By the Court.Certified question answered in the negative and cause remanded to the United States Court of Appeals for the Seventh Circuit.
NOTES
[1] During the pendency of this case we were notified of the death of John Doe. The United States Court of Appeals for the Seventh Circuit has ordered that Jane Doe, as administratix of the Estate of John Doe, be substituted for John Doe as plaintiff-appellant.
[] Motion for reconsideration filed June 22, 1993.
[2] Section 893.55, Stats., provides in relevant part:
(1) Except as provided by subs. (2) and (3), an action to recover damages for injury arising from any treatment or operation performed by, or from any omission by, a person who is a health care provider, regardless of the theory on which the action is based, shall be commenced within the later of:
(a) Three years from the date of the injury, or
(b) One year from the date the injury was discovered or, in the exercise of reasonable diligence should have been discovered, except that an action may not be commenced under this paragraph more than 5 years from the date of the act or omission.
[3] Section 893.54, Stats., provides in relevant part:
The following actions shall be commenced within 3 years or be barred:
(1) An action to recover damages for injuries to the person.
[4] Wisconsin adheres to the discovery rule for the accrual of a cause of action in tort. Hansen v. A.H. Robins Co., Inc., 113 Wis. 2d 550, 560, 335 N.W.2d 578 (1983); Borello v. U.S. Oil Co., 130 Wis. 2d 397, 388 N.W.2d 140 (1986). Under the discovery rule, the statute of limitations begins to run when the potential plaintiff discovers the injury, or in the exercise of due diligence should have discovered the injury. Hansen, 113 Wis. 2d at 560; Borello, 130 Wis. 2d at 411.
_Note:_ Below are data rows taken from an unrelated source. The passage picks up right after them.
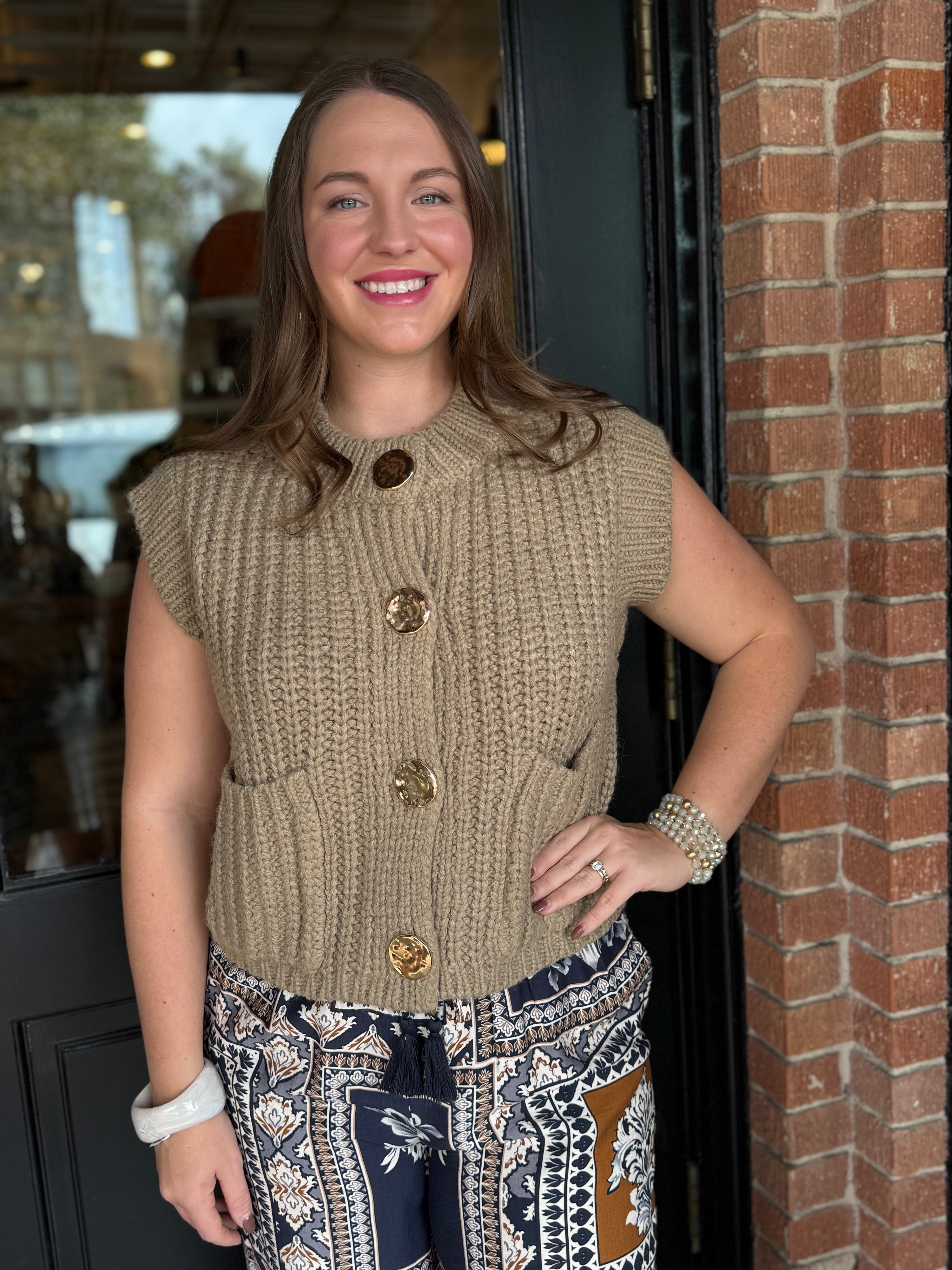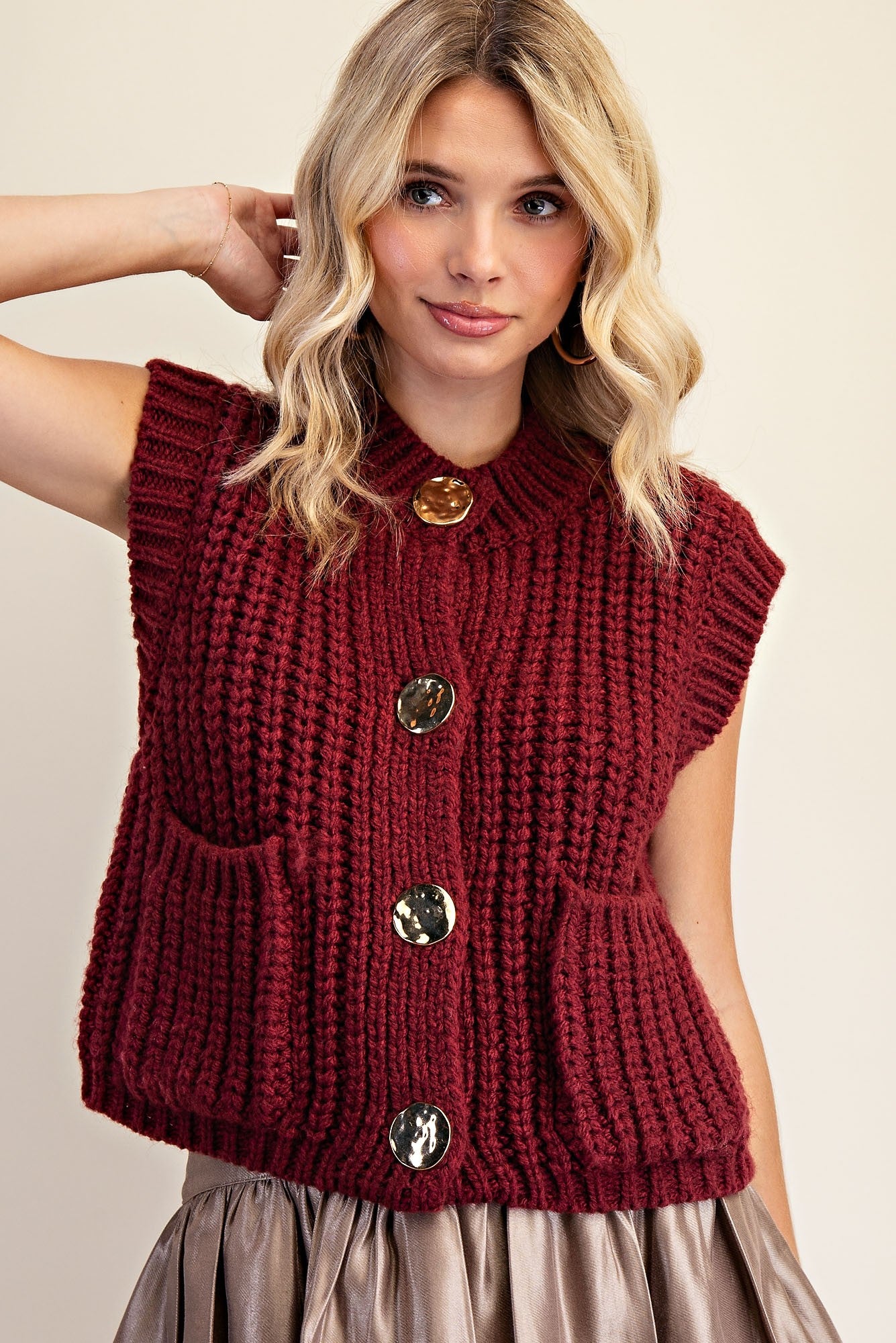 The Kristine Vest is a versatile layering piece with timeless appeal. Crafted in a soft knit, it features a classic front button closure and a relaxed fit that’s perfect over blouses, dresses, or worn solo with denim. A chic wardrobe staple for adding texture and dimension to your look year-round.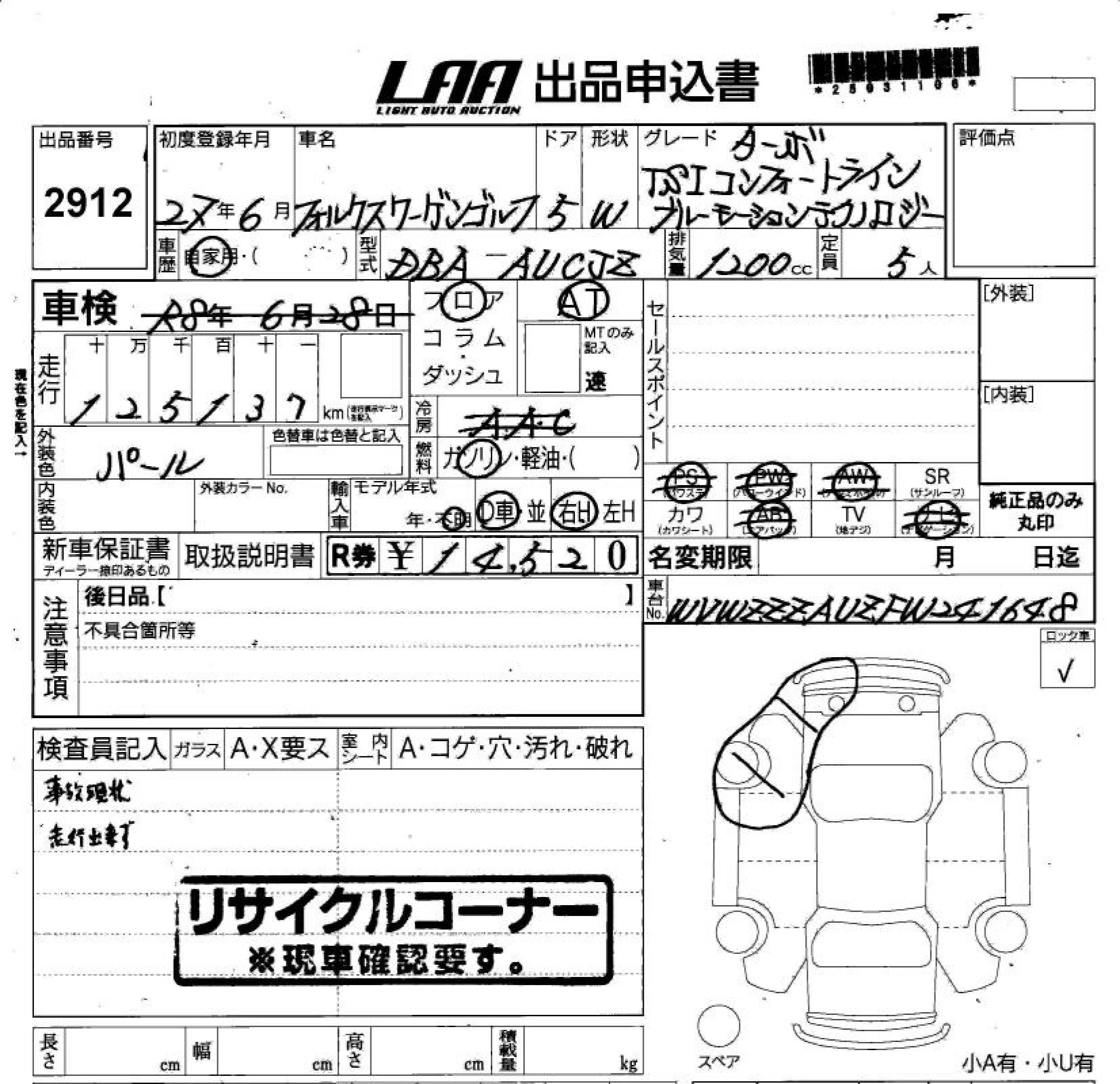Volkswagen Golf, 2015 года - Лот№2912 ★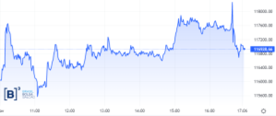 Ibovespa fecha, preliminarmente, com alta de 0,86%, aos 117.030,91 pontos
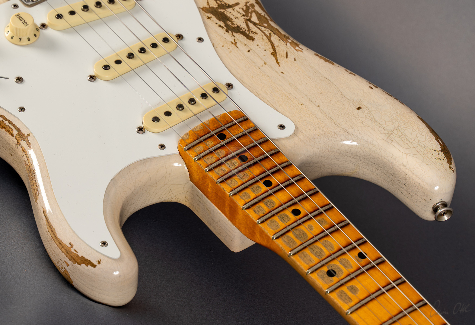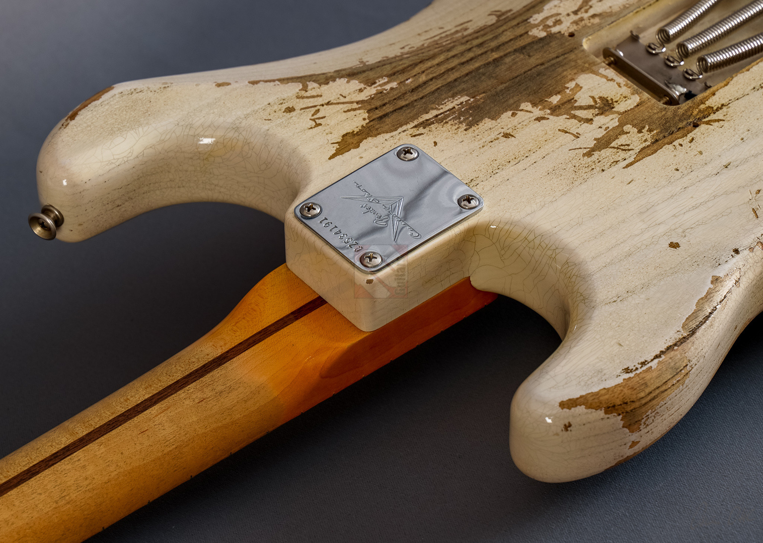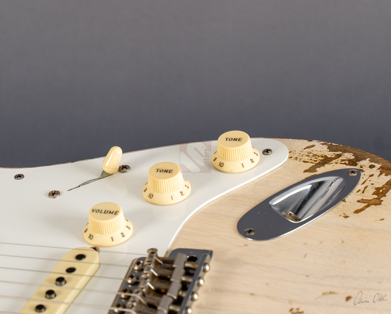 Everything about this '58 ash Strat in “Aged White Blonde” is just right, ...look, sound, feel and price. The Heavy Relicing is perfectly done here. Super authentic look with a beautifully grained body under the White Blonde. The neck is simply a dream. Very nicely grained back with a silky matte, woody feel. 6105 frets and a 9.5" fretboard radius for a modern feel and the "59 Esquire C" shaping fits perfectly in the hand. A nice, strong neck that is by no means too thick. Even played dry the superb resonance is striking and the "Josefina Handwound Fat 50s" pickups transfer this to the amp in the best possible way. A bell-like, balanced tone with a wide frequency spectrum and great attack. Anyone looking for the perfect ash maple neck Strat will be delighted with this one. The Stratocaster is in absolutely top condition, including strap and case candies.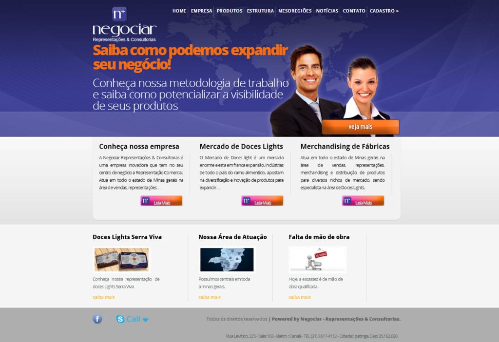 Criação do site NEGOCIAR Negociar Representações & Consultorias. é uma empresa inovadora que tem no seu centro de negócio a Representação Comercial. Atua em todo o estado de Minas gerais na área de vendas, representações de produtos para diversos nichos. criação de sites bh criação de websites criação de sites wordpress Website NEGOCIAR

[5] This court has recognized that "[b]lood is a product which is furnished in connection with professional services." Hoven v. Kelbe, 79 Wis. 2d 444, 462, n.10, 256 N.W.2d 379 (1977). The Wisconsin legislature recognized that blood is a product when it enacted the blood shield statute which precludes strict product liability claims and breach of warranty claims in contaminated blood cases. See sec. 146.31(2), Stats.
[6] We are aware that some courts have reached a contrary conclusion, however we do not find the reasoning of those courts persuasive or applicable to this case. See Bradway v. American National Red Cross, 426 S.E.2d 849 (Ga. 1993); Branch v. Willis-Knighton Medical Center, 607 So. 2d 883 (La. Ct. App. 1992); Wilson v. American Red Cross, 600 So. 2d 216 (Ala. 1992); Smith v. Paslode Corp., 799 F. Supp. 960 (E.D. Mo. 1992); Doe v. American Red Cross Blood Services, S.C. Region, 377 S.E.2d 323 (S.C. 1989).